■ **Work to be completed**:
Return the data below in full and exactly, except that the pictures are dropped.

■ **Information provided**:

========

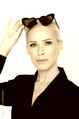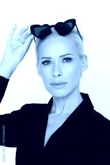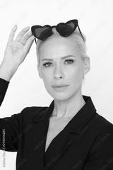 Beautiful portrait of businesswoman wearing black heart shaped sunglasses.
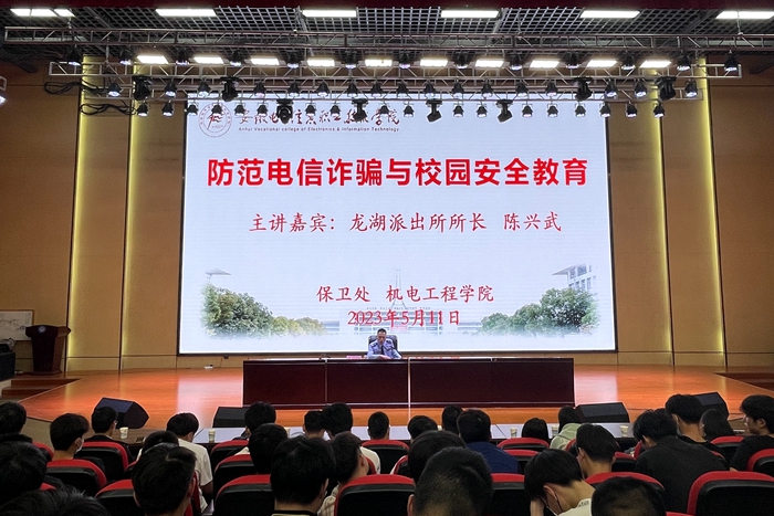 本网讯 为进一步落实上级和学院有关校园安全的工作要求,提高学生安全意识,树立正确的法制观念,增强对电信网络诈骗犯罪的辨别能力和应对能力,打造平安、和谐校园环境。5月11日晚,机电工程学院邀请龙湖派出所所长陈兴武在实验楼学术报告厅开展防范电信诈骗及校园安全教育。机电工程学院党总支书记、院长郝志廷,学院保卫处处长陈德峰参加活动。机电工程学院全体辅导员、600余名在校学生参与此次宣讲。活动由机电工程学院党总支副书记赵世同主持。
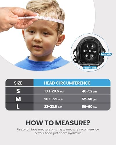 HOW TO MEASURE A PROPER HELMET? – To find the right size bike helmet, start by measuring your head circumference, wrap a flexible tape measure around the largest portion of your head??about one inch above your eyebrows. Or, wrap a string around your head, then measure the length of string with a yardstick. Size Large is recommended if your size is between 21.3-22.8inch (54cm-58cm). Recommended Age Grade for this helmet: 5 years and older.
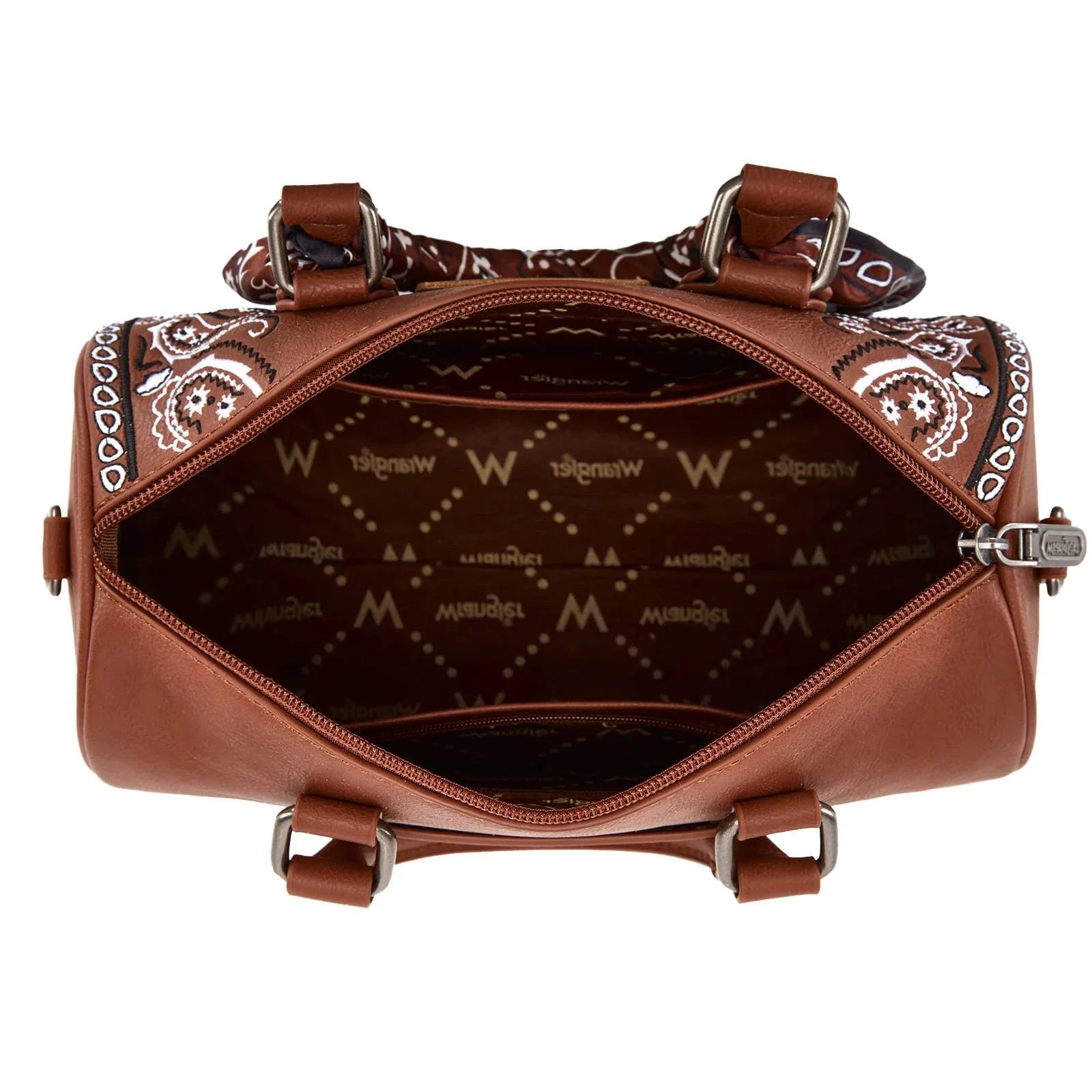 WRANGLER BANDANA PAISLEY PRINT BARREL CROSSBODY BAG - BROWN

========

■ **Solved exercise**:
 Beautiful portrait of businesswoman wearing black heart shaped sunglasses.
 本网讯 为进一步落实上级和学院有关校园安全的工作要求,提高学生安全意识,树立正确的法制观念,增强对电信网络诈骗犯罪的辨别能力和应对能力,打造平安、和谐校园环境。5月11日晚,机电工程学院邀请龙湖派出所所长陈兴武在实验楼学术报告厅开展防范电信诈骗及校园安全教育。机电工程学院党总支书记、院长郝志廷,学院保卫处处长陈德峰参加活动。机电工程学院全体辅导员、600余名在校学生参与此次宣讲。活动由机电工程学院党总支副书记赵世同主持。
 HOW TO MEASURE A PROPER HELMET? – To find the right size bike helmet, start by measuring your head circumference, wrap a flexible tape measure around the largest portion of your head??about one inch above your eyebrows. Or, wrap a string around your head, then measure the length of string with a yardstick. Size Large is recommended if your size is between 21.3-22.8inch (54cm-58cm). Recommended Age Grade for this helmet: 5 years and older.
 WRANGLER BANDANA PAISLEY PRINT BARREL CROSSBODY BAG - BROWN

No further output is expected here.